*** Data shown ***

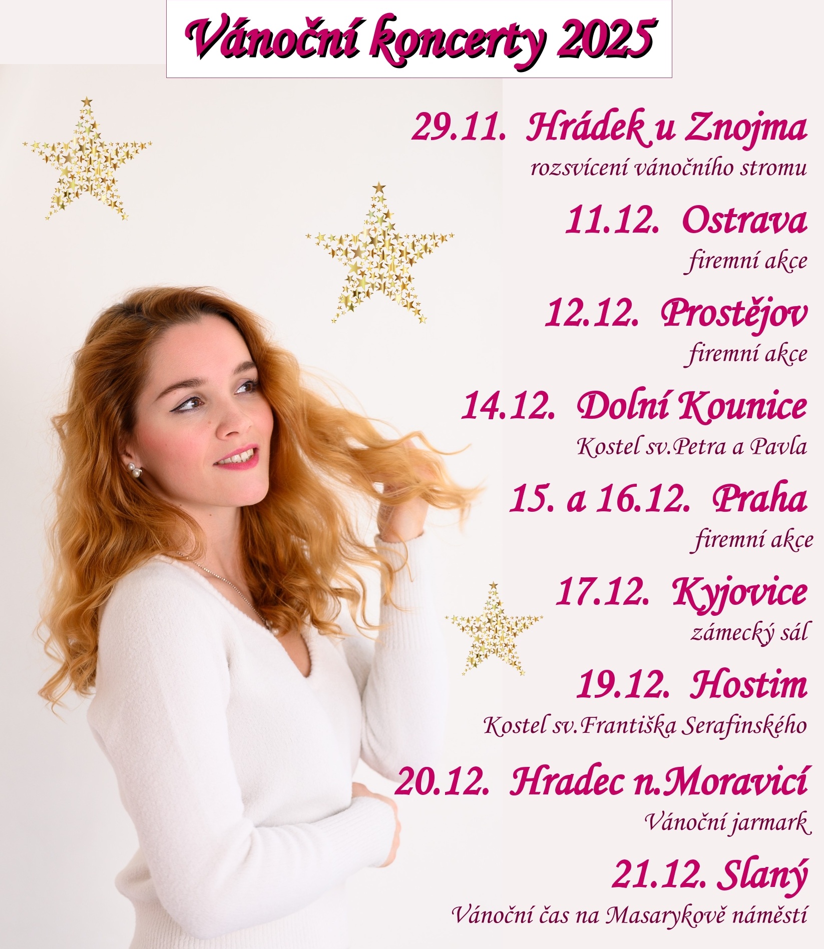 Přijměte srdečné pozvání na další vánoční koncert zpěvačky a textařky Lucie ZET, který proběhne v pátek 19.12.2025, od 17 hodin, v Kostele sv. Františka Serafínského, v malebné jihomoravské obci Hostim. Vstupné dobrovolné.
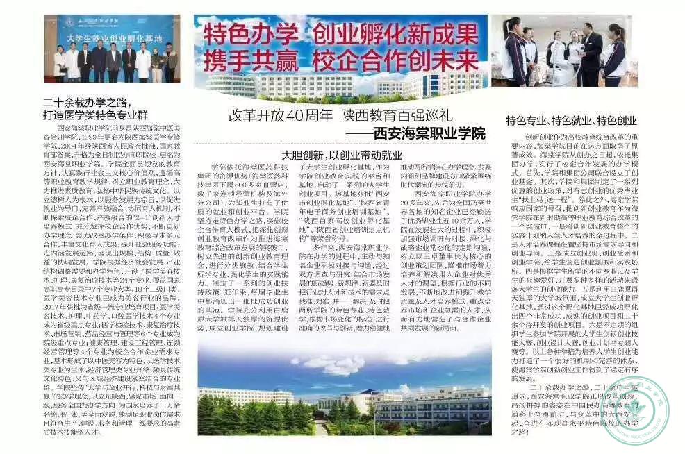 在百万读者参与“改革开放40年 陕西教育百强”评选活动中,我院荣获改革开放四十周年陕西教育百强评选“陕西名校荣誉称号”我院王卓理事长荣获陕西教育改革创新带头人荣誉称号!我院创始人王海棠教授荣获陕西教育领军人物。
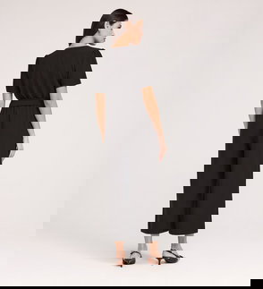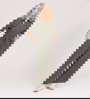Uma Jumpsuit offers a fresh take on one piece dressing, blending a sharp, utilitarian feel with a relaxed silhouette. It features a classic V neckline and a button through front that fastens to the waist seam, where an adjustable tie waist detail allows you to define your shape. The short sleeves and wide leg cut create a balanced look, while the cropped length makes it the perfect partner for everything from casual trainers to a block heel.
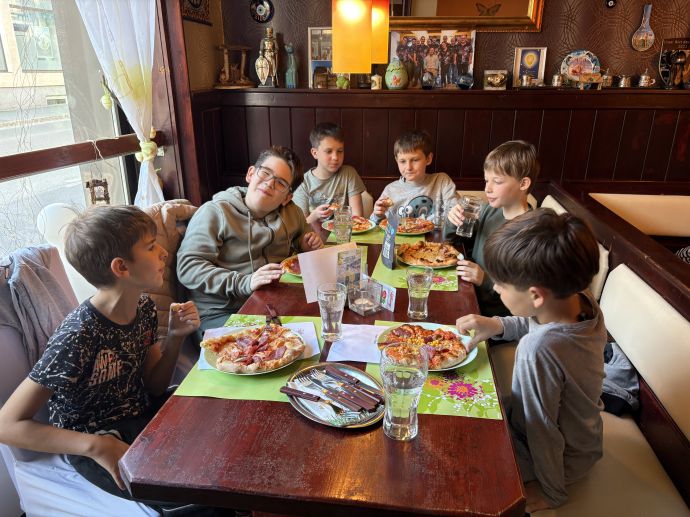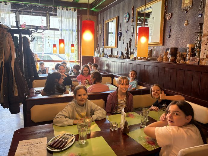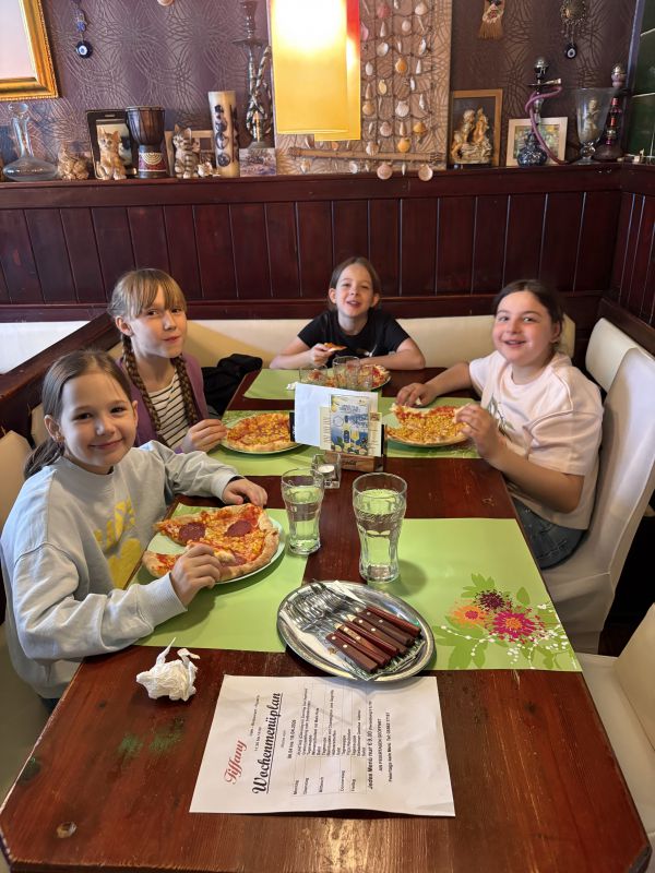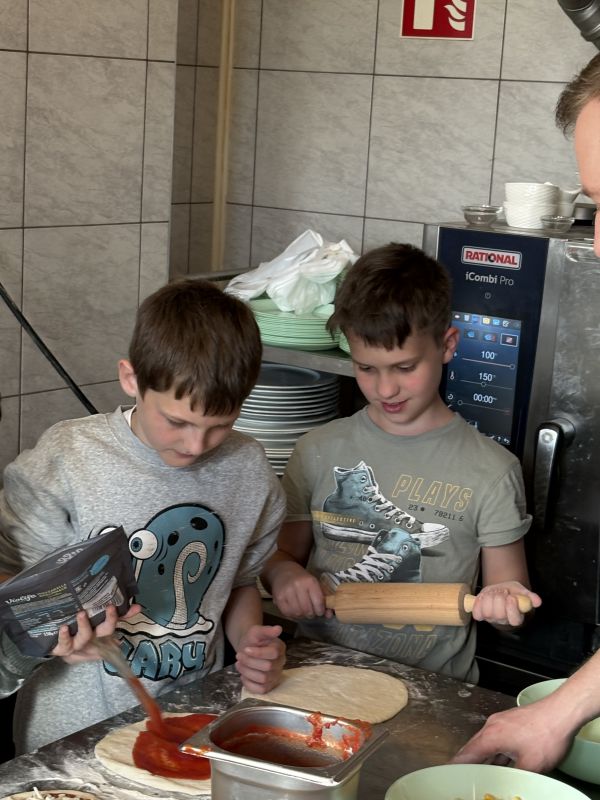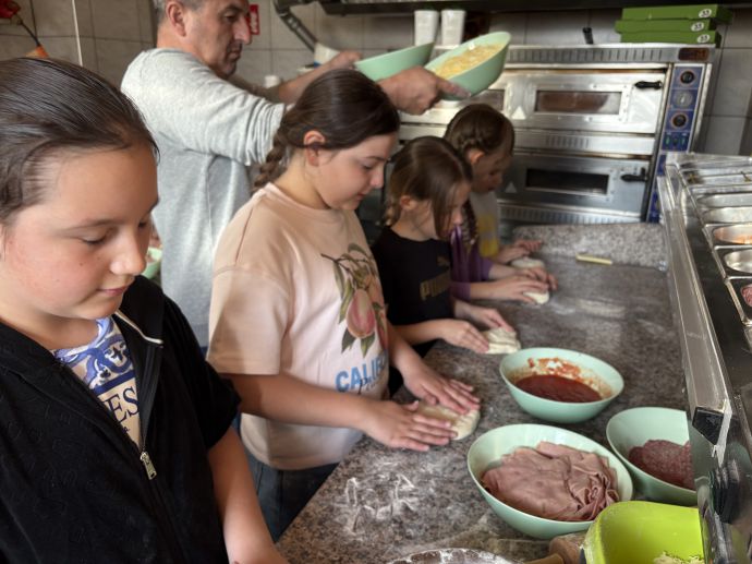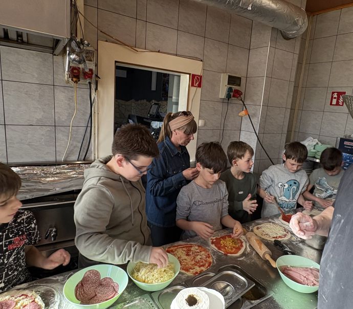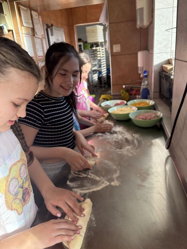 Ein besonderes Highlight erwartete uns gleich zu Beginn: Wir durften in der Pizzeria Tiffany unsere eigenen Pizzen backen! Mit viel Begeisterung belegten wir unsere Lieblingsvarianten und ließen sie uns anschließend schmecken. Ein herzliches Dankeschön an den Chef der Pizzeria für die Einladung!
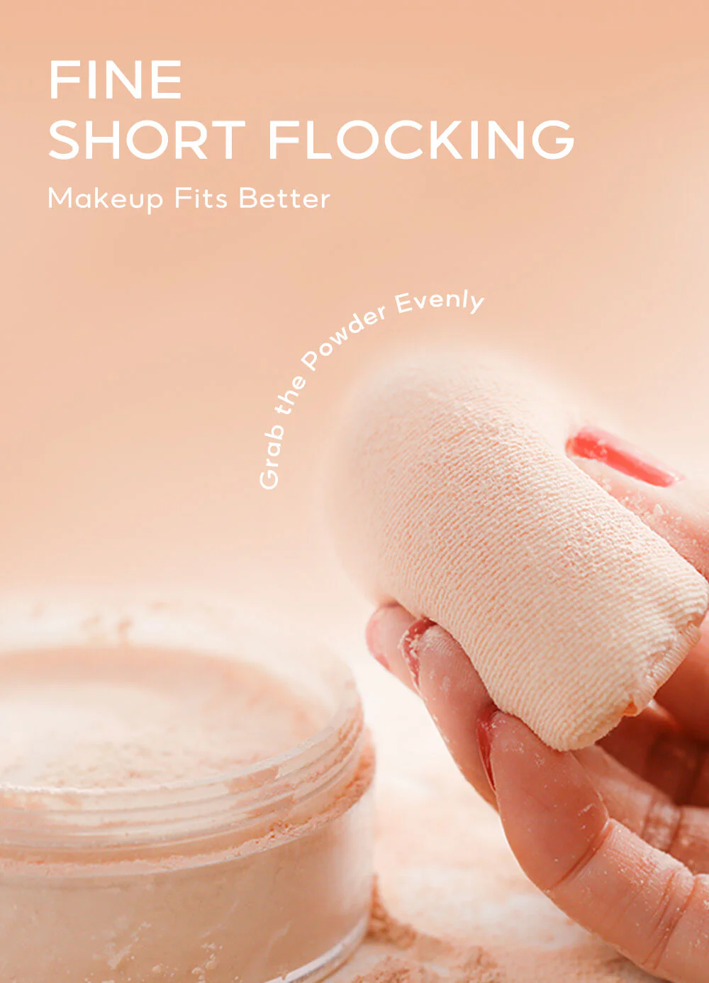 Made from densely packed short fibers Helps the powder stick to the puff well, not spreading or falling off easily.
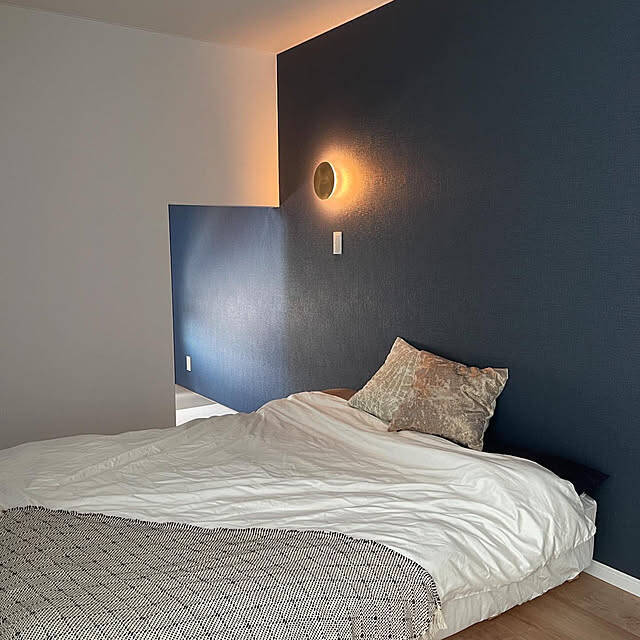 masuhome20さんの寝室は、ダークカラーのアクセントクロスにシンプルなベッドコーディネートが映える、モダンなインテリアです。掛け布団カバーは、上質な光沢と滑かな質感が魅力の「Nグリップ ホテルセレクト」をチョイス。肌触りもとてもよく、布団に入るのが楽しみなくらいお気に入りだそうですよ♡
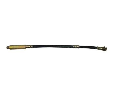 High Quality Reproduction Rear Brake Hose Rubber Reinforced Smooth-Texture Hoses Correct Silver-Cad Plated End Fittings 18 Length When it comes to your 1955, 1956, or 1957 Chevy classic, stopping power is paramount. In order for brake fluid to reach the wheel cylinder, causing the cylinder to press against the shoes and the shoes against the drum, it is imperative to have a quality set of brake hose. Despite their inherent resistance, brake hoses can often wear down resulting in dangerous leaks. If your hose shows signs of disrepair, do not wait another minute to replace them.
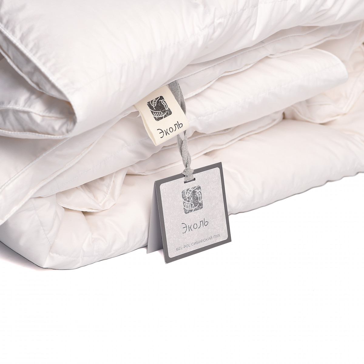 Одеяло пуховое с бортом «Эколь NORD» премиальной серии ТМ "Бел-Поль" выполнено в чехле из батиста (100% хлопок) с наполнителем из белого сибирского пуха класса Экстра (98% пух, 2% гусиное перо).
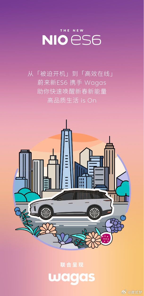 还有就是这次的联名选了新ES6,调性挺搭的,这台车一直就主打“品质⽣活家”,你想一下,中午吃个Wagas,然后在新ES6午休一会,开⼯状态这不就回来了。
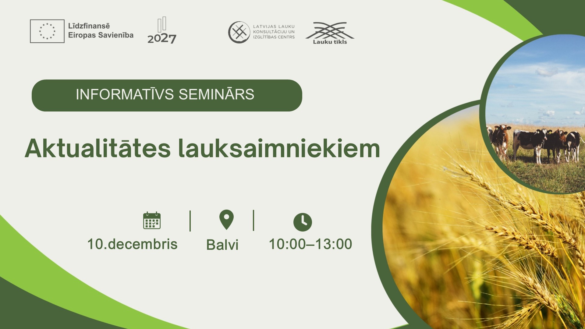 SIA LLKC Balvu birojs aicina lauksaimniekus un lauku uzņēmējus 10.decembrī plkst. 10:00 uz informatīvo semināru “Aktualitātes lauksaimniekiem”.
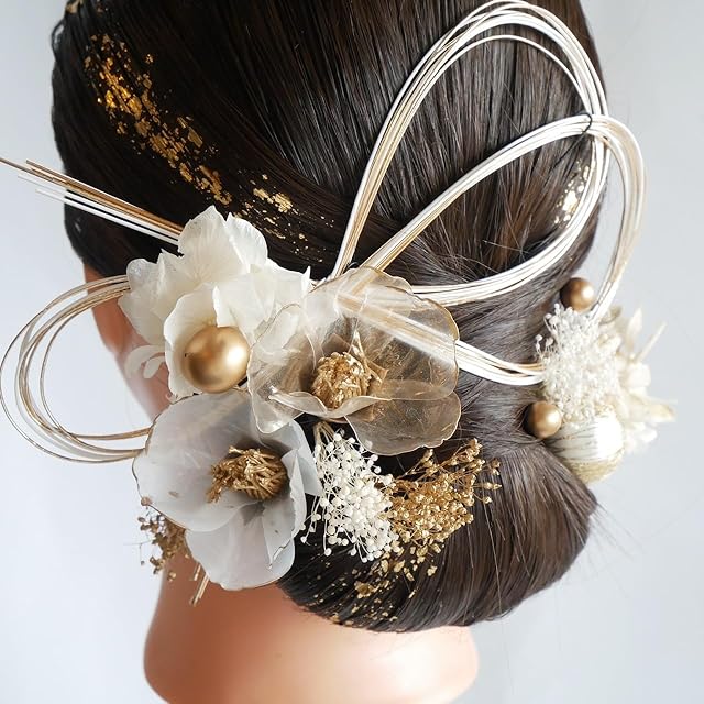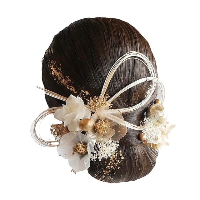 [Lomeri ロメリ] タイトヘア 髪飾り おかみさん ロメリ ドライフラワーの髪飾り 成人式 卒業式 結婚式 袴 G11(白ゴールド)

*** End of Data shown ***

§ **Problem statement**: Using the records above, reproduce exactly the lines from the line containing "Made from densely" through the last line, with both ends kept and no pictures.

§ **Task solution**:
 Made from densely packed short fibers Helps the powder stick to the puff well, not spreading or falling off easily.
 masuhome20さんの寝室は、ダークカラーのアクセントクロスにシンプルなベッドコーディネートが映える、モダンなインテリアです。掛け布団カバーは、上質な光沢と滑かな質感が魅力の「Nグリップ ホテルセレクト」をチョイス。肌触りもとてもよく、布団に入るのが楽しみなくらいお気に入りだそうですよ♡
 High Quality Reproduction Rear Brake Hose Rubber Reinforced Smooth-Texture Hoses Correct Silver-Cad Plated End Fittings 18 Length When it comes to your 1955, 1956, or 1957 Chevy classic, stopping power is paramount. In order for brake fluid to reach the wheel cylinder, causing the cylinder to press against the shoes and the shoes against the drum, it is imperative to have a quality set of brake hose. Despite their inherent resistance, brake hoses can often wear down resulting in dangerous leaks. If your hose shows signs of disrepair, do not wait another minute to replace them.
 Одеяло пуховое с бортом «Эколь NORD» премиальной серии ТМ "Бел-Поль" выполнено в чехле из батиста (100% хлопок) с наполнителем из белого сибирского пуха класса Экстра (98% пух, 2% гусиное перо).
 还有就是这次的联名选了新ES6,调性挺搭的,这台车一直就主打“品质⽣活家”,你想一下,中午吃个Wagas,然后在新ES6午休一会,开⼯状态这不就回来了。
 SIA LLKC Balvu birojs aicina lauksaimniekus un lauku uzņēmējus 10.decembrī plkst. 10:00 uz informatīvo semināru “Aktualitātes lauksaimniekiem”.
 [Lomeri ロメリ] タイトヘア 髪飾り おかみさん ロメリ ドライフラワーの髪飾り 成人式 卒業式 結婚式 袴 G11(白ゴールド)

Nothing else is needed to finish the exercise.